Au revoir: Robin Soderling Stops Roger Federer's streak at 23
Today at Roland Garros, it was Deja vu all over again.
After 12 consecutive losses to Roger Federer, a defiant Robin Soderling undoubtedly understood what kind of inspired tennis he would have to play to snap the streak - and he did just that.
Just like last year, when he slayed the indomitable dragon known as Nadal, Robin Soderling has shocked the tennis world by bringing another tennis deity to his knees on Phillipe Chatrier. On a rain-soaked clay court, playing his brand of high-risk tennis to perfection, Soderling forced Roger Federer to spend the majority of the final three sets on the defensive.
Serving bombs, and launching weapons-grade groundstrokes from the baseline, Soderling quickly struck back in the second set to erase a one set deficit, before the players were forced to retreat to the locker rooms due to inclement weather.
When they returned, Soderling was still on his game. The soggy conditions, according to Soderling in his post-match interview with Brad Gilbert, gave him more time to catch up with Federer's pace. And when he did catch up, the big Swede made it count by winding up his big forehand and taking aim at the white lines.
Swinging for the fences any time he could get his feet set, the big Swede hit 49 winners to go with his 14 aces.
But Federer was never out of this match until the last ball was struck. In spite of the difficult playing conditions and the insane level of Soderling's play, Federer managed to go up a break in the fourth set with some fine play of his own.
Soderling, however, was undeterred.
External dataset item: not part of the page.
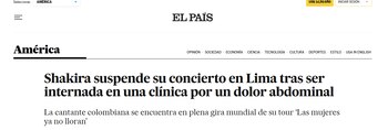 “Shakira anuncia hospitalización tras ser atendida de urgencia y pospone concierto en Perú”, “Shakira cancela concierto en Perú tras ser hospitalizada: ‘Estoy muy triste de no poder subir al escenario hoy’”, titulaban algunos periódicos internacionales, mientras que otros comentaban sobre el “gran pesar” que dejó la noticia en la ciudad peruana.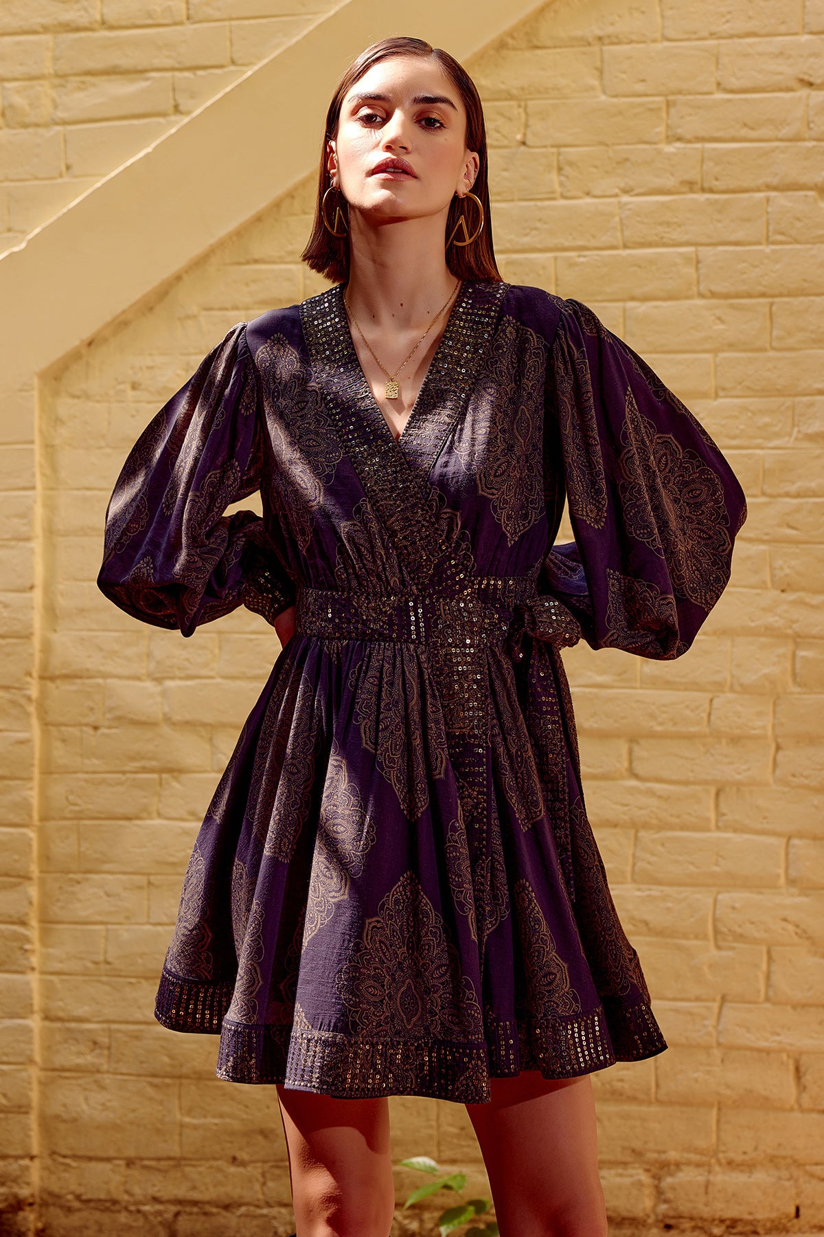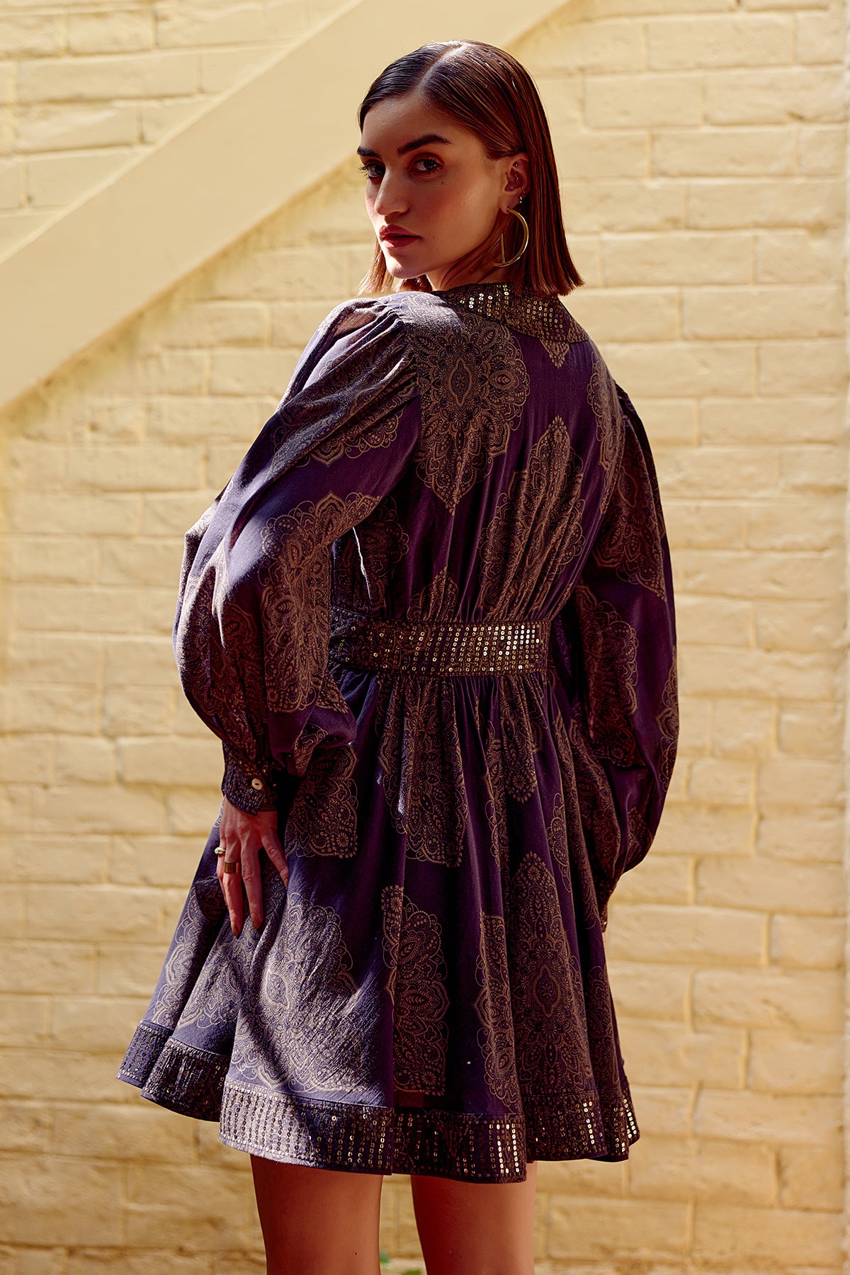 Elevating its charm, a thick border of shimmering sequins adds a luxurious sparkle, while the embroidered cuffs on the full sleeves bring in refined artistry. Fully lined for comfort and ease, this mini dress transitions effortlessly from day to night.

He snatched the momentum back by breaking immediately, then continued to launch his version of shock and awe against the legend on the other side of the court.
After securing a second break, Soderling had a chance to serve for the match against Federer, and he did not wilt.
The final game seemed to be over before it began, and Soderling was emphatically pumping his fists waiting for Federer to shake his hand at the net before the heavy reality of what had just occurred started to seep in.
Federer's streak of 23 consecutive Grand Slam semi finals is over, but Federer fans can find solace in the fact that his streak of consecutive Grand Slam quarter finals is still in tact.
Meanwhile, Soderling is the first man in 25 years to knock out the defending champion in back-to-back years (Mats Wilander knocked out Yannick Noah and Ivan Lendl in '84 and '85).
There wasn't much that anybody could have done to derail Robin Soderling today - greatest player to perhaps ever play the game, or not.
Now at 11-1 over the last two years in the French Open, Soderling will look to advance to his second straight final when he plays Tomas Berdych in the semi finals on Friday.
No matter what type of craziness ensues, Soderling has put an exclamation point next to the words that have defined his last two seasons at Roland Garros.
Last year we thought it may have been a fluke, but this year it's official. Robin Soderling is a giant killer of epic proportions.